Task instructions -> In this exercise, return only the lines that run from the line with "Adorable beach cottage" to the end of the entries below, both included. Pictures are not copied.

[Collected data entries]
'''

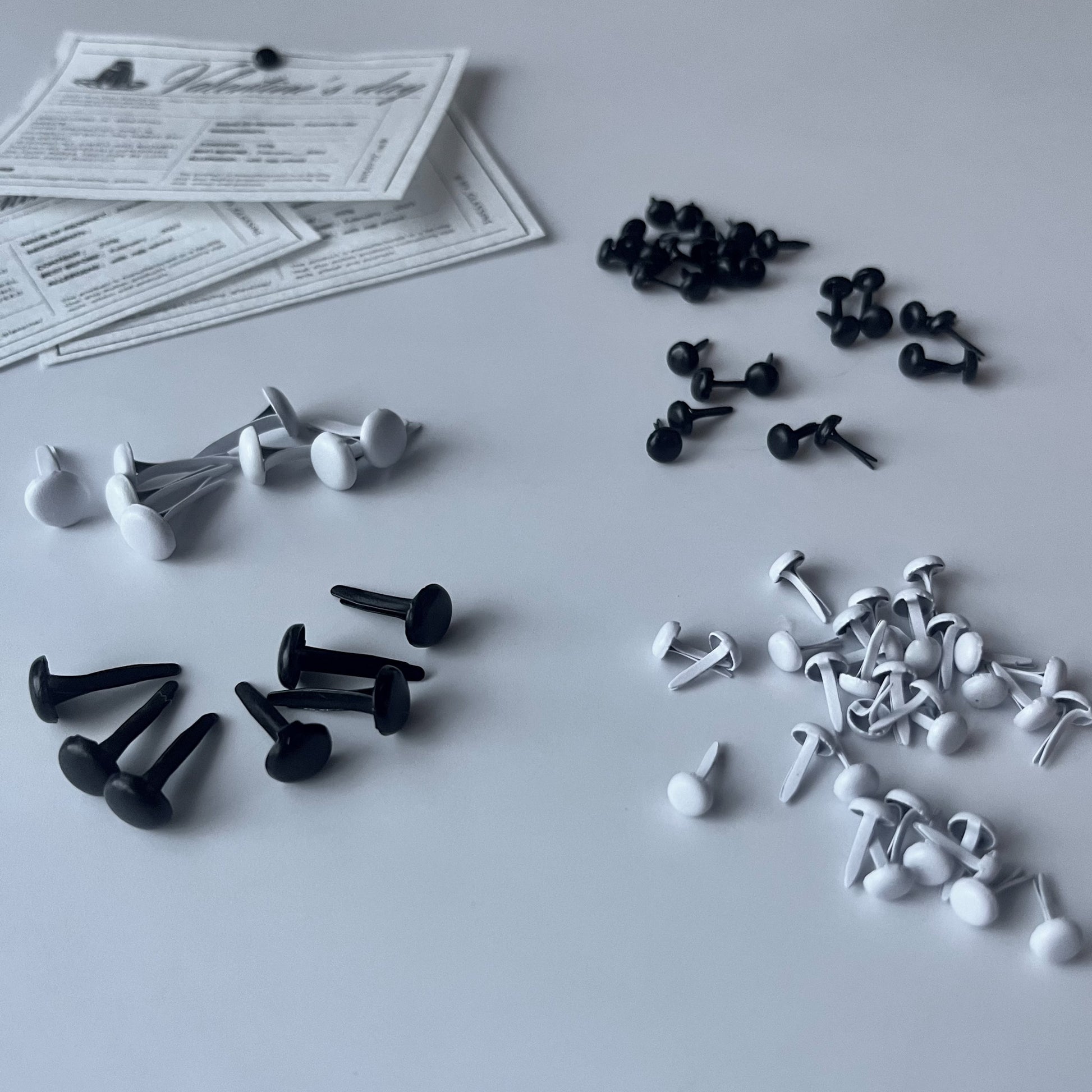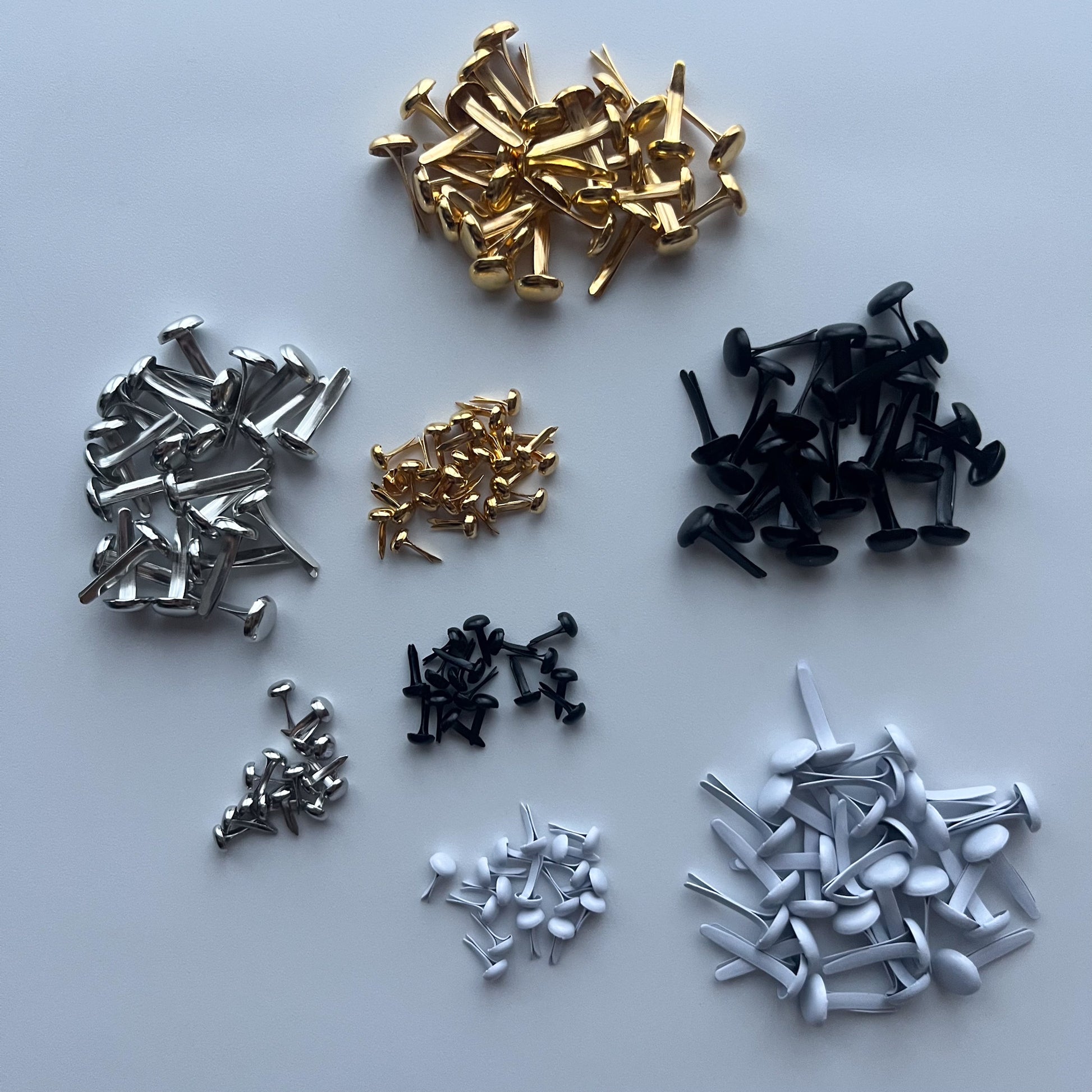 極小サイズは足がそんなに長くない為画像にあるような薄いものや小さなものの留め具として使用されることをオススメします。
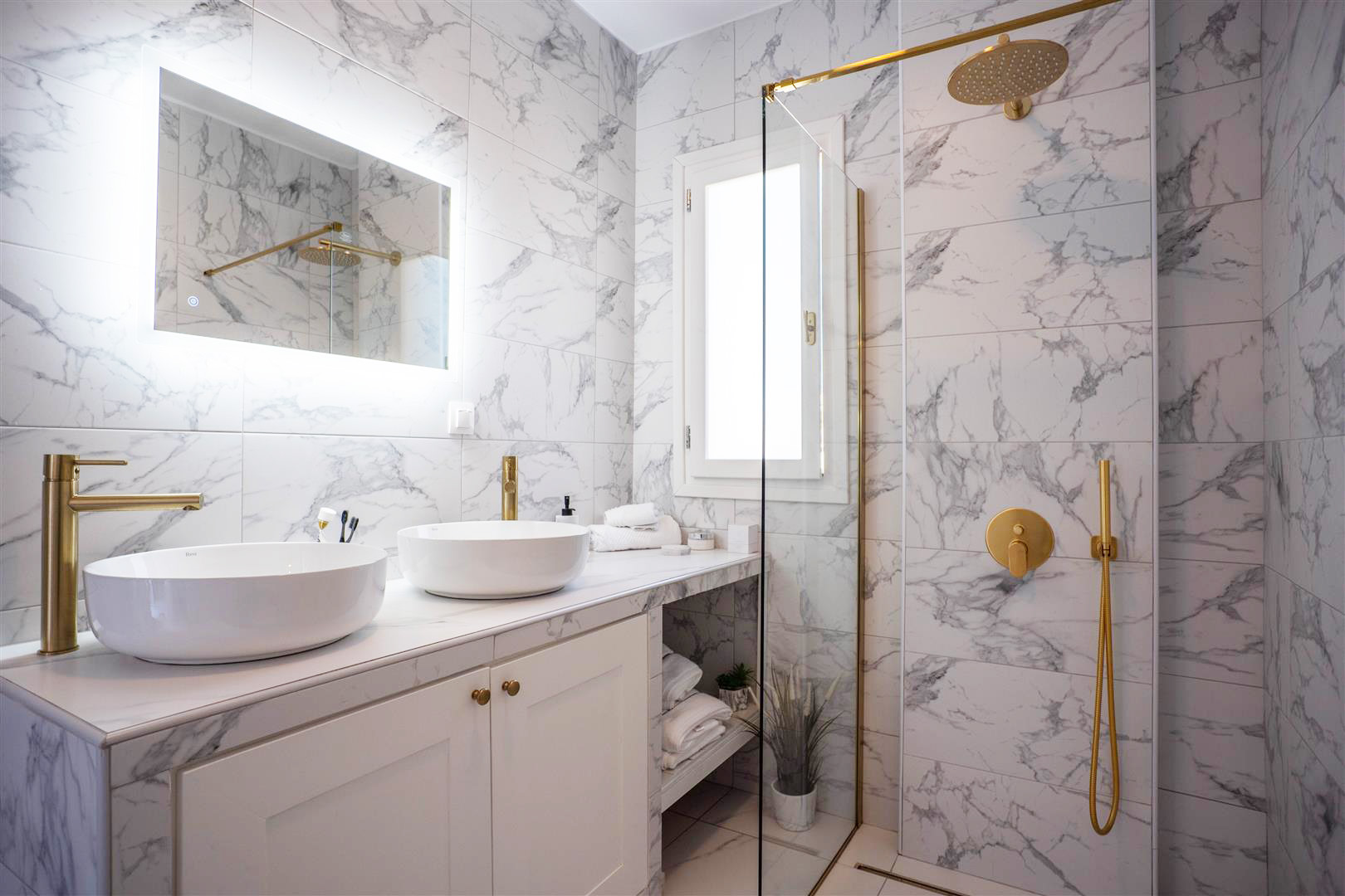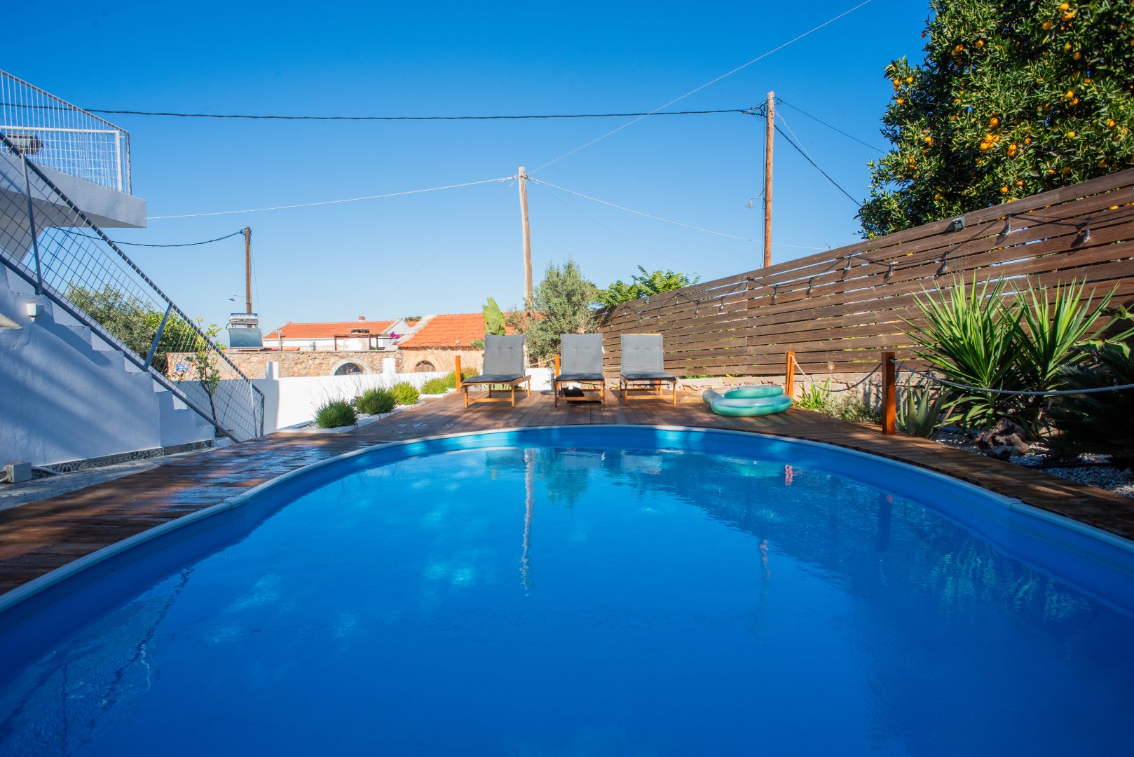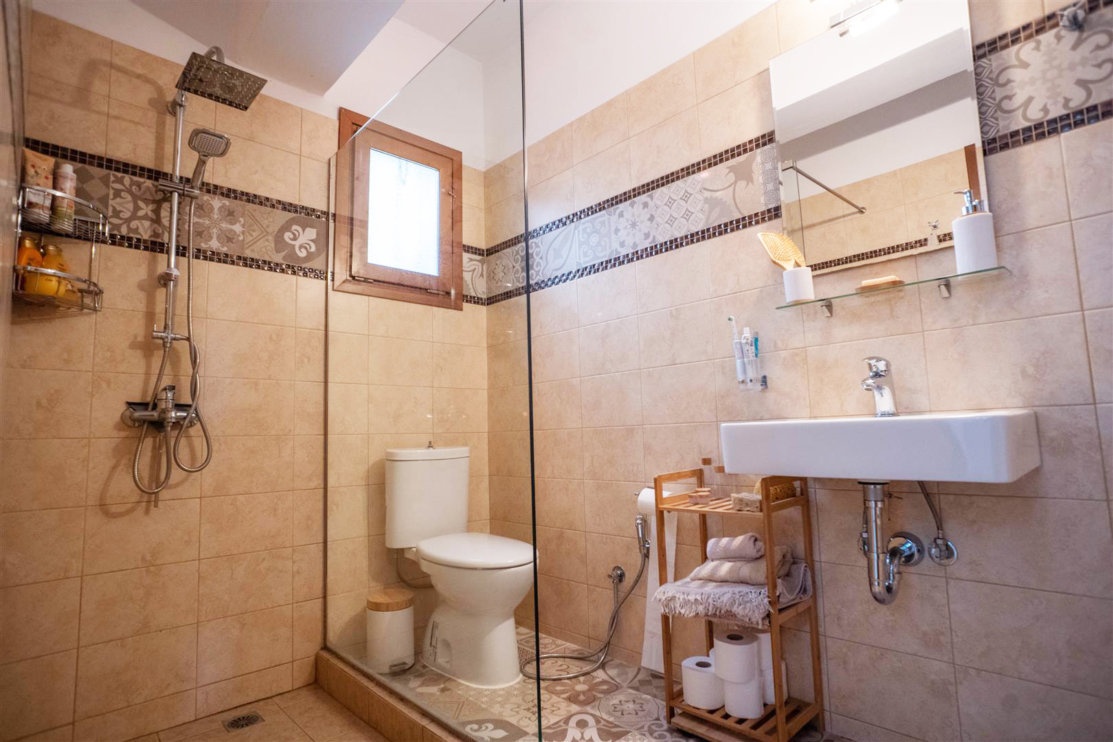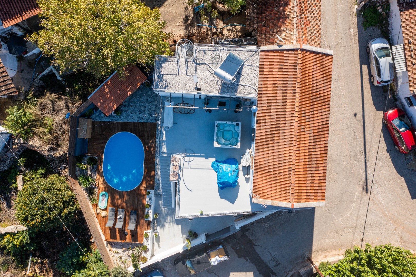 There is an external staircase leading from the ground floor garden/lounge area onto the very spacious first floor terrace where a Jacuzzi and a lounge are placed! The perfect spot to cool down on a hot summers day, while enjoying the surrounding village and sea views!
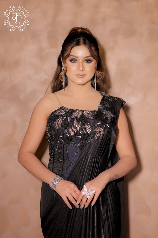 Black Drape Saree – Textured gloss chinnon with embellished hand embroidery with 3d leaves
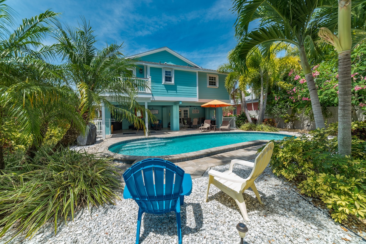 Adorable beach cottage on the north end of Anna Maria Island! The beach access trail to the beautiful beach is right by the house. This 3 bedroom 2 bathroom home is situated on a corner lot on a quiet street and is located just steps to the beaches of the Gulf of Mexico. Enjoy the private pool and hot tub, surrounded by tropical landscaping. Tons of beach gear included! It is located in a great area to explore by bike, ride to Pine Ave., Bayfront Park, the Rod & Reel Pier, etc....
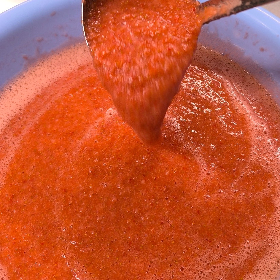 いちごに限らずですが、生産ピーク期の素材は廃棄されてしまうこともあります。流通事情でやむを得ないこともあるのですが、精魂こめて育てた素材が捨てられない手段のひとつとして完全果実が役に立てたらと思っています。

'''

Your solution ->
 Adorable beach cottage on the north end of Anna Maria Island! The beach access trail to the beautiful beach is right by the house. This 3 bedroom 2 bathroom home is situated on a corner lot on a quiet street and is located just steps to the beaches of the Gulf of Mexico. Enjoy the private pool and hot tub, surrounded by tropical landscaping. Tons of beach gear included! It is located in a great area to explore by bike, ride to Pine Ave., Bayfront Park, the Rod & Reel Pier, etc....
 いちごに限らずですが、生産ピーク期の素材は廃棄されてしまうこともあります。流通事情でやむを得ないこともあるのですが、精魂こめて育てた素材が捨てられない手段のひとつとして完全果実が役に立てたらと思っています。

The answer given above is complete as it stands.